◆ Exercise
If a picture appears in the records, leave it out and transcribe the rest exactly.

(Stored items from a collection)
◆ ◆ ◆ ◆ ◆

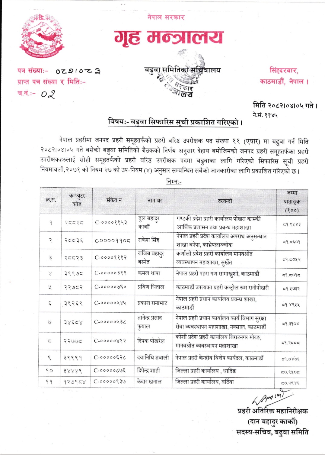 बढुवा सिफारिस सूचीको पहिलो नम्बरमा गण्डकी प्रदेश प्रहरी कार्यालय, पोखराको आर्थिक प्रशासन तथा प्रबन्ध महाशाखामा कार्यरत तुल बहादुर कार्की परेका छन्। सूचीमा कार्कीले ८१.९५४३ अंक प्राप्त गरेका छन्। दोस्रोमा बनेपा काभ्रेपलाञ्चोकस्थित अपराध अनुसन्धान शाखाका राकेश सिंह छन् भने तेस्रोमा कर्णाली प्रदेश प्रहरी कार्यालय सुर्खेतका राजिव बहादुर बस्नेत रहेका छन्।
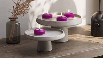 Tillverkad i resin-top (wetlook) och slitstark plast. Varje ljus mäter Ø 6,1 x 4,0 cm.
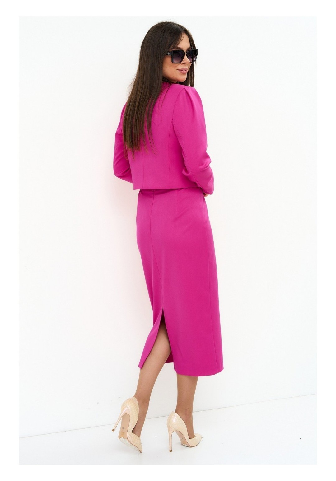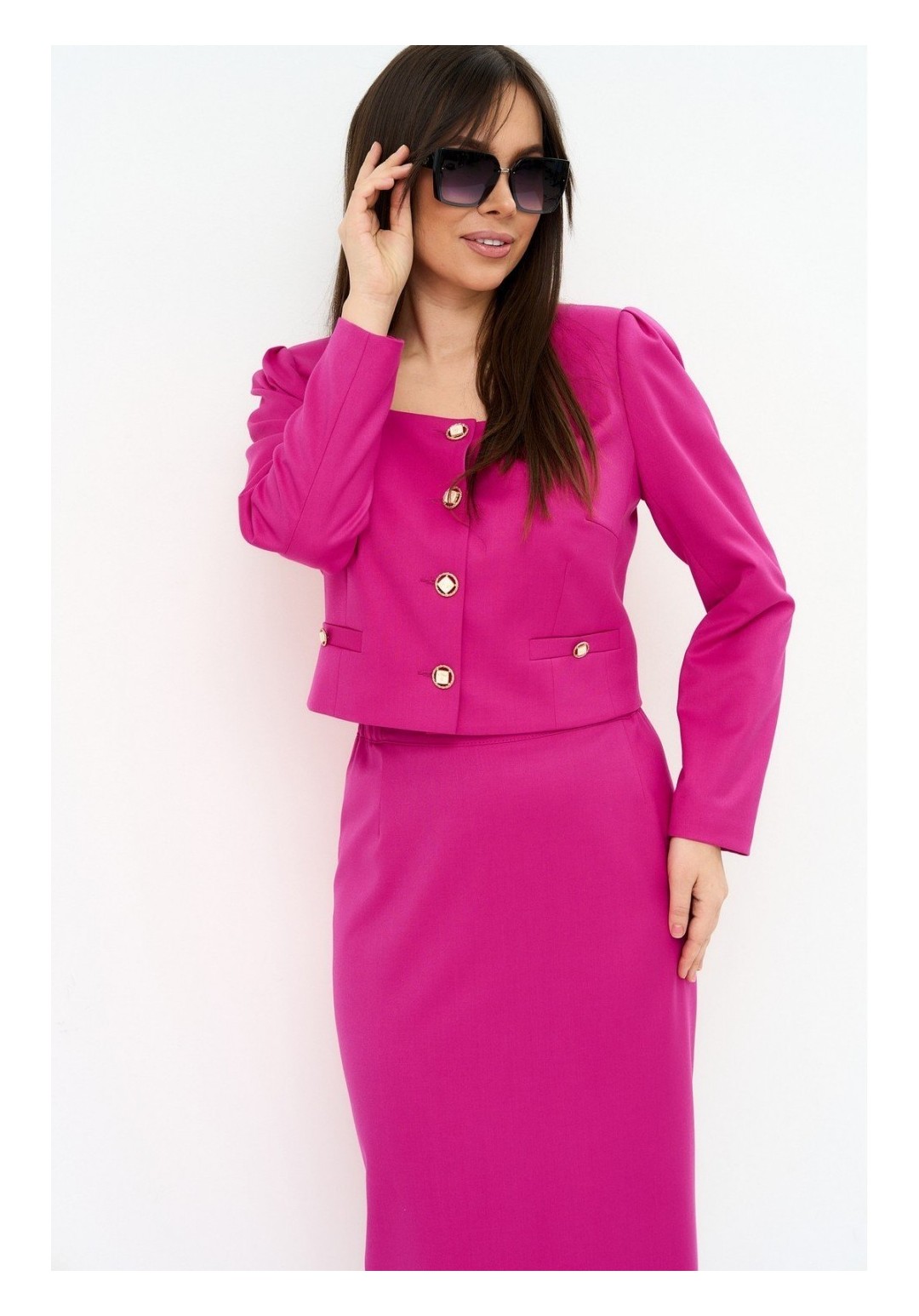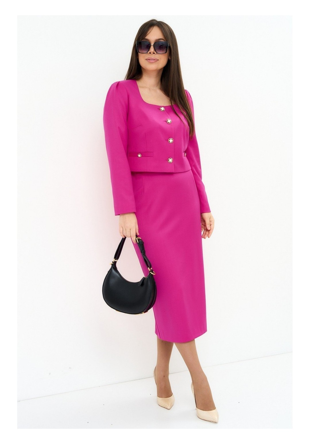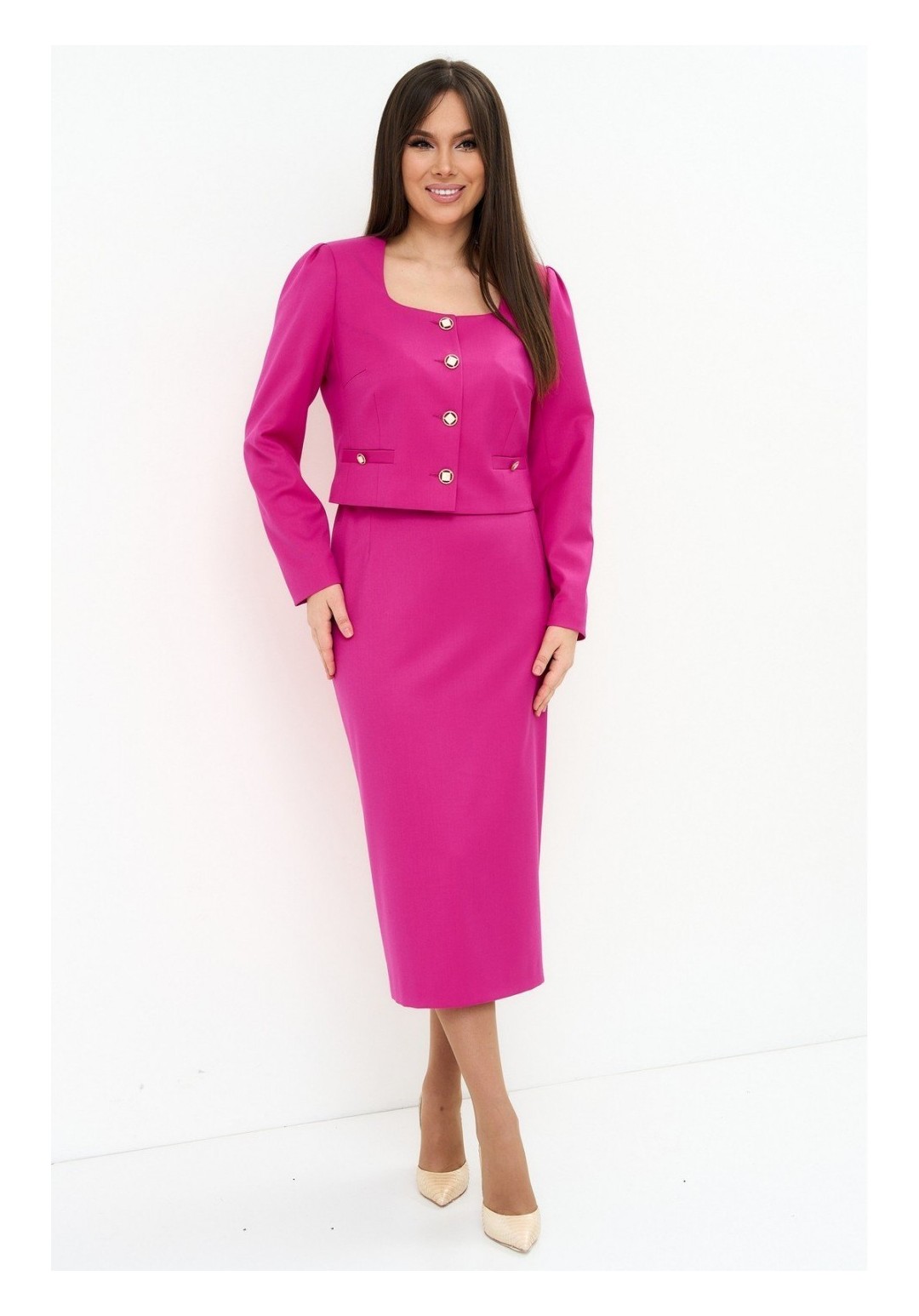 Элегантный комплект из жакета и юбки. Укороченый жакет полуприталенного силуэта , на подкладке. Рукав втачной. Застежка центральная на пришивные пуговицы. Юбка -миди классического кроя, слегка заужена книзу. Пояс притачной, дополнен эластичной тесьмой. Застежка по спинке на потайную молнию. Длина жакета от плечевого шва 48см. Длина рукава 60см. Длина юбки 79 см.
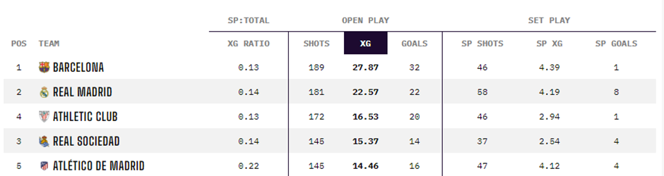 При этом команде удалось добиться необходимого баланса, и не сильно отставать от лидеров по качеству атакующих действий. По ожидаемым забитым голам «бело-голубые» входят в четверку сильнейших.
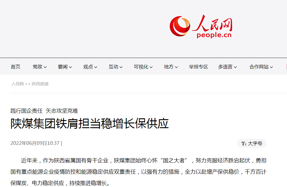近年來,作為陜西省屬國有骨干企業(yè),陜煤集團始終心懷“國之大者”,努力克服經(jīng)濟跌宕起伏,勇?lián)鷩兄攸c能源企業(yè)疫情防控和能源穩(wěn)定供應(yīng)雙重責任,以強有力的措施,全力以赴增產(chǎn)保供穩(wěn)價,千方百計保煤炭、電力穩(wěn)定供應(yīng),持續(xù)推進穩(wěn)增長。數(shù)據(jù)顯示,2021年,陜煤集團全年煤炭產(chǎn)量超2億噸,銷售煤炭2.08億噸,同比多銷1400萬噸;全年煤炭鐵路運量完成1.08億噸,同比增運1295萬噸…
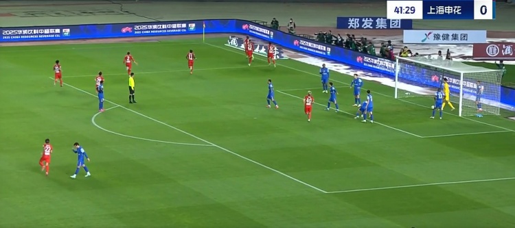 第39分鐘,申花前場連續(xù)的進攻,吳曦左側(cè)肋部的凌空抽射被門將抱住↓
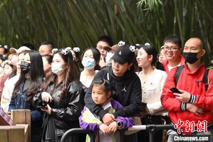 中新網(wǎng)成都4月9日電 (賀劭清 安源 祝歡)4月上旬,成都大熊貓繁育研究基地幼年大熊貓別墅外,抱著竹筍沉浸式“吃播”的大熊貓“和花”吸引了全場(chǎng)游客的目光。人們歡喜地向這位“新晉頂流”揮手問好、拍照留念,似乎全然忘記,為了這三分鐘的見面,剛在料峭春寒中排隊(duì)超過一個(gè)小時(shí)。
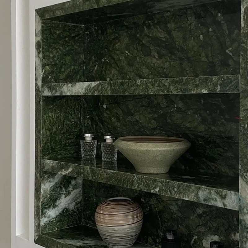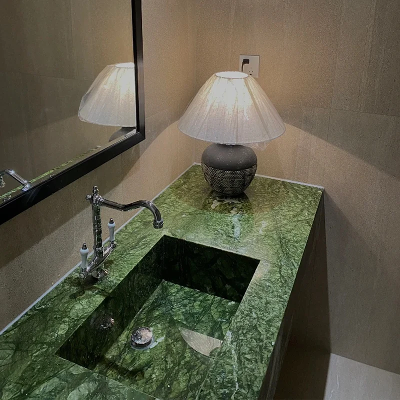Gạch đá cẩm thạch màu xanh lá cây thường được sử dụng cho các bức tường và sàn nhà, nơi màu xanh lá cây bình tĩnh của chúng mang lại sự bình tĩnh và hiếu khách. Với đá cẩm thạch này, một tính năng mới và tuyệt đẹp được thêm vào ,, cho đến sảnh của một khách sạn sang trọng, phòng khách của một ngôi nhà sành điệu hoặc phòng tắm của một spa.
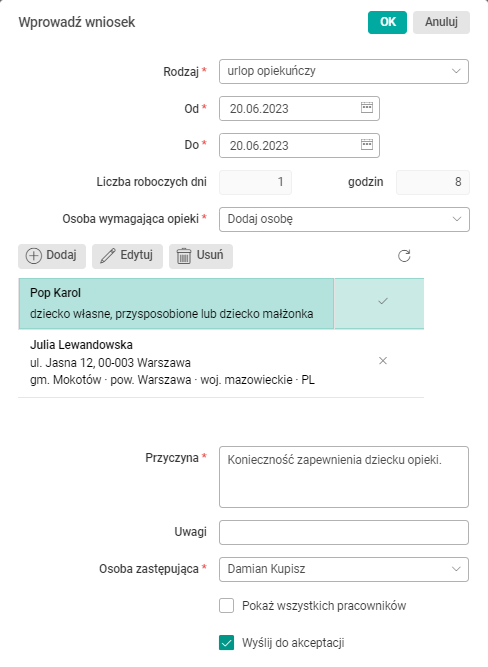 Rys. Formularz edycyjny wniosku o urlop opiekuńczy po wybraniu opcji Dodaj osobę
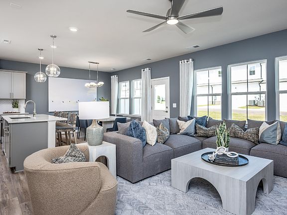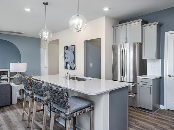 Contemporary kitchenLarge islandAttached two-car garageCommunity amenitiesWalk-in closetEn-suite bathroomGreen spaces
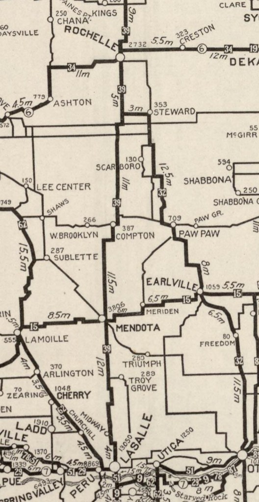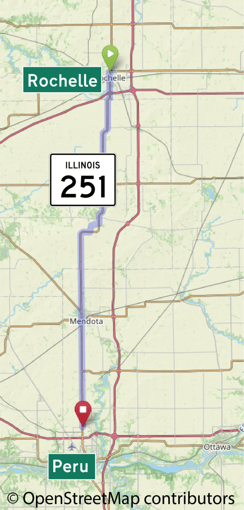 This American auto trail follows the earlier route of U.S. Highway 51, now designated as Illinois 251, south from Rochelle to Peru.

◆ ◆ ◆ ◆ ◆

◆ The completed task
 बढुवा सिफारिस सूचीको पहिलो नम्बरमा गण्डकी प्रदेश प्रहरी कार्यालय, पोखराको आर्थिक प्रशासन तथा प्रबन्ध महाशाखामा कार्यरत तुल बहादुर कार्की परेका छन्। सूचीमा कार्कीले ८१.९५४३ अंक प्राप्त गरेका छन्। दोस्रोमा बनेपा काभ्रेपलाञ्चोकस्थित अपराध अनुसन्धान शाखाका राकेश सिंह छन् भने तेस्रोमा कर्णाली प्रदेश प्रहरी कार्यालय सुर्खेतका राजिव बहादुर बस्नेत रहेका छन्।
 Tillverkad i resin-top (wetlook) och slitstark plast. Varje ljus mäter Ø 6,1 x 4,0 cm.
 Элегантный комплект из жакета и юбки. Укороченый жакет полуприталенного силуэта , на подкладке. Рукав втачной. Застежка центральная на пришивные пуговицы. Юбка -миди классического кроя, слегка заужена книзу. Пояс притачной, дополнен эластичной тесьмой. Застежка по спинке на потайную молнию. Длина жакета от плечевого шва 48см. Длина рукава 60см. Длина юбки 79 см.
 При этом команде удалось добиться необходимого баланса, и не сильно отставать от лидеров по качеству атакующих действий. По ожидаемым забитым голам «бело-голубые» входят в четверку сильнейших.
近年來,作為陜西省屬國有骨干企業(yè),陜煤集團始終心懷“國之大者”,努力克服經(jīng)濟跌宕起伏,勇?lián)鷩兄攸c能源企業(yè)疫情防控和能源穩(wěn)定供應(yīng)雙重責任,以強有力的措施,全力以赴增產(chǎn)保供穩(wěn)價,千方百計保煤炭、電力穩(wěn)定供應(yīng),持續(xù)推進穩(wěn)增長。數(shù)據(jù)顯示,2021年,陜煤集團全年煤炭產(chǎn)量超2億噸,銷售煤炭2.08億噸,同比多銷1400萬噸;全年煤炭鐵路運量完成1.08億噸,同比增運1295萬噸…
 第39分鐘,申花前場連續(xù)的進攻,吳曦左側(cè)肋部的凌空抽射被門將抱住↓
 中新網(wǎng)成都4月9日電 (賀劭清 安源 祝歡)4月上旬,成都大熊貓繁育研究基地幼年大熊貓別墅外,抱著竹筍沉浸式“吃播”的大熊貓“和花”吸引了全場(chǎng)游客的目光。人們歡喜地向這位“新晉頂流”揮手問好、拍照留念,似乎全然忘記,為了這三分鐘的見面,剛在料峭春寒中排隊(duì)超過一個(gè)小時(shí)。
Gạch đá cẩm thạch màu xanh lá cây thường được sử dụng cho các bức tường và sàn nhà, nơi màu xanh lá cây bình tĩnh của chúng mang lại sự bình tĩnh và hiếu khách. Với đá cẩm thạch này, một tính năng mới và tuyệt đẹp được thêm vào ,, cho đến sảnh của một khách sạn sang trọng, phòng khách của một ngôi nhà sành điệu hoặc phòng tắm của một spa.
 Rys. Formularz edycyjny wniosku o urlop opiekuńczy po wybraniu opcji Dodaj osobę
 Contemporary kitchenLarge islandAttached two-car garageCommunity amenitiesWalk-in closetEn-suite bathroomGreen spaces
 This American auto trail follows the earlier route of U.S. Highway 51, now designated as Illinois 251, south from Rochelle to Peru.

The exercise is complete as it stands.